Astro - Hacker News

6 comments

bobbiechen 2 hours ago

If I understand correctly, threat model here seems to be to protect against accidental issues that would impact performance, but doesn't cover malicious actor.
For example, Sketchy Provider tells you they are running the latest and greatest, but actually is knowingly running some cheaper (and worse) model and pocketing the difference. These tests wouldn't help since Sketchy Provider could detect when they're being tested and do the right thing (like the Volkswagen emissions scandal). Right?
[-]
- gpm an hour ago
  
  Yes and no.
  For a truly malicious actor, you're right. But it shifts it from "well we aren't obviously committing fraud by quantizing this model and not telling people" to "we're deliberately committing fraud by verifying our deployment with one model and then serving customer requests with another".
  I suspect there's a lot of semi-malicious actors who are only happy to do the former.
- j-bos 2 hours ago
  
  Seems like a great challenge for all these systems, see fromtier labs serving quants when under hesvy load.
OsamaJaber 2 hours ago

Good to see this exist.
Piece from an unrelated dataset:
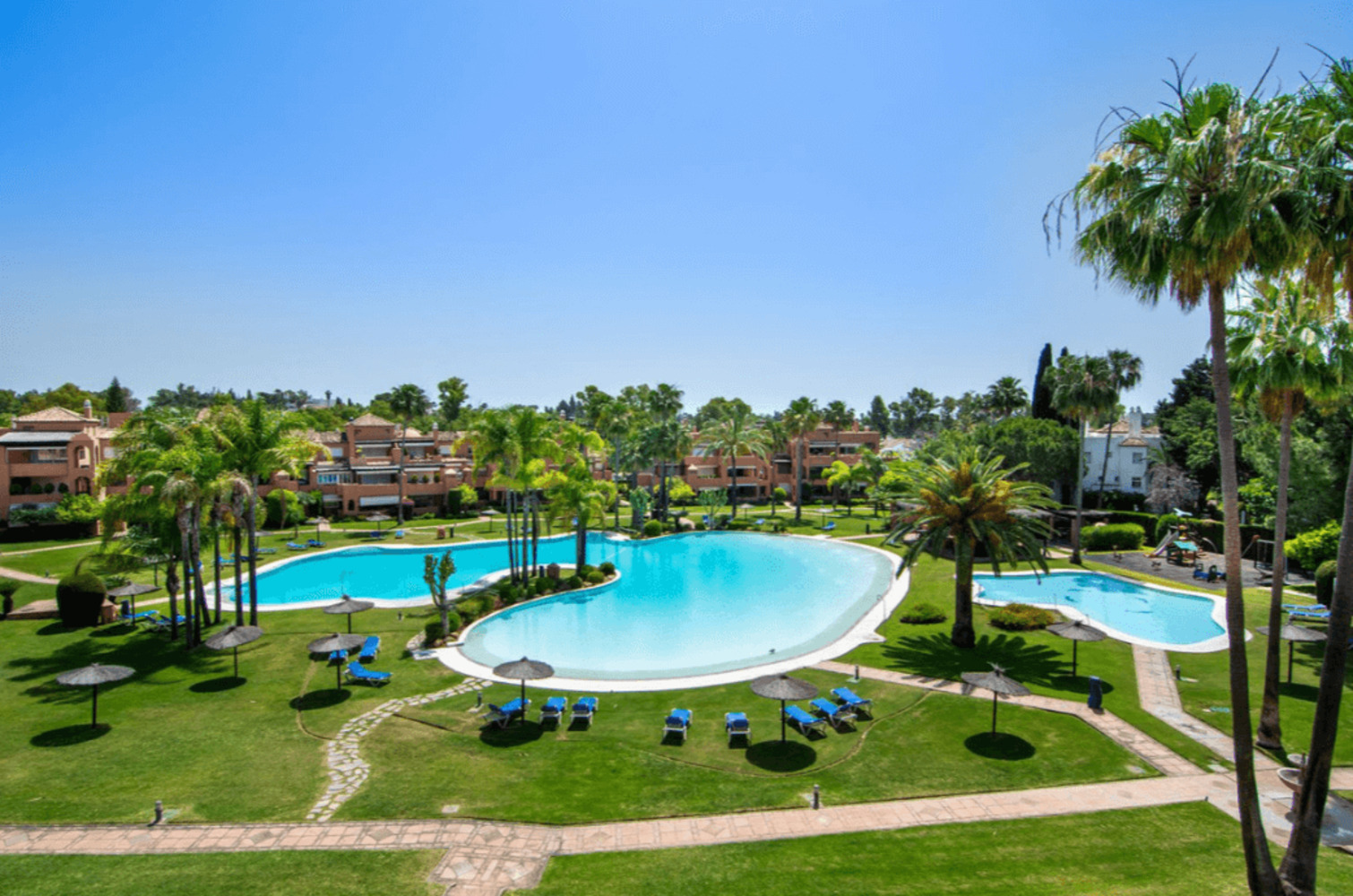 La résidence "Alhambra del Golf", construite en 1998, se distingue par ses vastes jardins luxuriants, ses espaces communs soignés et sa piscine de style lagon, considérée comme la plus grande de Marbella. L’appartement bénéficie d’un parking souterrain sécurisé et d’un local de rangement. L’accès se fait par des escaliers extérieurs, car il n’y a pas d’ascenseur dans cette partie du complexe.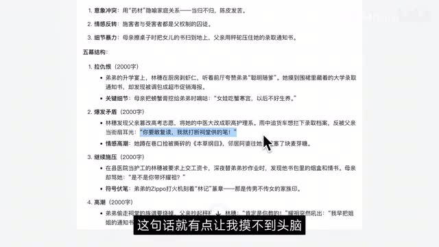 首先我提供了一句话想法,deep sik会根据这句话扩展出完整的故事大纲。这个大纲遵循了世情文的五目公式。拉仇恨,爆发矛盾,继续施压,主角高潮和反转。接下来每一幕都会生成独立的大纲,再根据大纲撰写具体的正文,完成一幕后创建下一幕大纲,如此循环,直到创作完成。

Inference providers quietly swap quant levels. Most users never check. A standard verifier from the model maker is the right move, would love to see other labs ship the same
seism 2 hours ago

A test that runs for 15 hours on a high powered rig is going to be hard to reproduce or scale. But I think this addresses a widespread concern, which affects all kinds of cloud services. What you ping is not necessarily what you get.
curioussquirrel 2 hours ago

After Anthropic, Moonshot is another model provider who restricts tweaking of sampling parameters. I do like the idea of the vendor verifier, though.